Teapot LLM is fine-tuned from flan-t5-large on a synthetic dataset of LLM tasks generated using DeepSeek-V3. The training process involves:

  • Dataset: A ~10MB synthetic dataset consisting of QnA pairs with a variety of task-specific formats.
  • Methodology: The model is trained to mimic task-specific output formats and is scored based on its ability to output relevant, succinct, and verifiable answers.
  • Hardware: Trained for approximately 10 hours on an A100 GPU provided by Google Colab.
  • Hyperparameters: Various learning rates were used, and the model was monitored to ensure task-specific performance without catastrophic forgetting.

System Requirements

Before installing Teapot LLM, ensure your system meets the following requirements:

Hardware

  • CPU: A modern multi-core processor (Intel i5/i7 or AMD Ryzen recommended).
  • GPU: NVIDIA RTX GPU with at least 8 GB VRAM for optimal performance (optional for CPU-only inference).
  • RAM: Minimum 16 GB; 32 GB or more recommended for larger models.
  • Storage: SSD with at least 100 GB free space for model files and dependencies.

Software

  • Operating System: Windows 10 or later.
  • Python: Version 3.10 or higher.
  • CUDA Toolkit: Version 12.8 or higher (for GPU acceleration).
  • Docker (Optional): For containerized setups.

Installation Methods

1. Using Docker Containers

Docker simplifies the setup process by bundling dependencies into containers.

  1. Install Docker Desktop for Windows.

Create directories to store model files and configurations:

mkdir ollama-files open-webui-files
  1. Access the Web Interface:
    Open your browser and navigate to http://localhost:4000 to interact with the model.
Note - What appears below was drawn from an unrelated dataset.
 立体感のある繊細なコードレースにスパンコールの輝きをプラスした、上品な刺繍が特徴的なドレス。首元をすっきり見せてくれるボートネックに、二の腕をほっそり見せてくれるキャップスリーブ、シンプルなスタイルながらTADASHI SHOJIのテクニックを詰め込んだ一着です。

Pull the Teapot LLM Docker image:

docker run -d -p 4000:8080 -v /path/to/ollama-files:/root/.ollama -v /path/to/open-webui-files:/app/backend/data --name teapot-webui --restart always ghcr.io/open-webui/open-webui:teapot

2. Native Installation

For users preferring a direct installation without containers:

  1. Install Python:
    • Download Python from the official website.
    • During installation, check "Add Python to PATH."
  2. Install CUDA Toolkit (if using GPU):

Run the Model:

python main.py --model teapot --port 8080

Install Dependencies using PowerShell:

./setup_env.ps1

Clone the Teapot Repository:

git clone https://github.com/teapot-ai/teapot.git
cd teapot

3. Using Llamafile

Llamafile simplifies running LLMs by bundling them into single executables.
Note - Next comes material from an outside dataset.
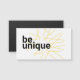 Graphic design of a saying "Be Unique" with lines in yellow and black colours. Urban typography.

  1. Download the Teapot Llamafile Executable:
    Obtain it from the official release page.
  2. Launch the Application:
    Double-click the .exe file to start the application.
  3. Interact with the Model:
    Use the provided web interface or command-line prompts to work with Teapot LLM.

Getting Started

To use Teapot LLM, you can leverage the teapotai library, which simplifies model integration into production environments. Here’s a basic example of using Teapot LLM for general question answering:PythonCopy

from teapotai import TeapotAI

# Sample context
context = """
The Eiffel Tower is a wrought iron lattice tower in Paris, France. It was designed by Gustave Eiffel and completed in 1889.
It stands at a height of 330 meters and is one of the most recognizable structures in the world.
"""

teapot_ai = TeapotAI()

answer = teapot_ai.query(
    query="What is the height of the Eiffel Tower?",
    context=context
)
print(answer)  # Output: "The Eiffel Tower stands at a height of 330 meters."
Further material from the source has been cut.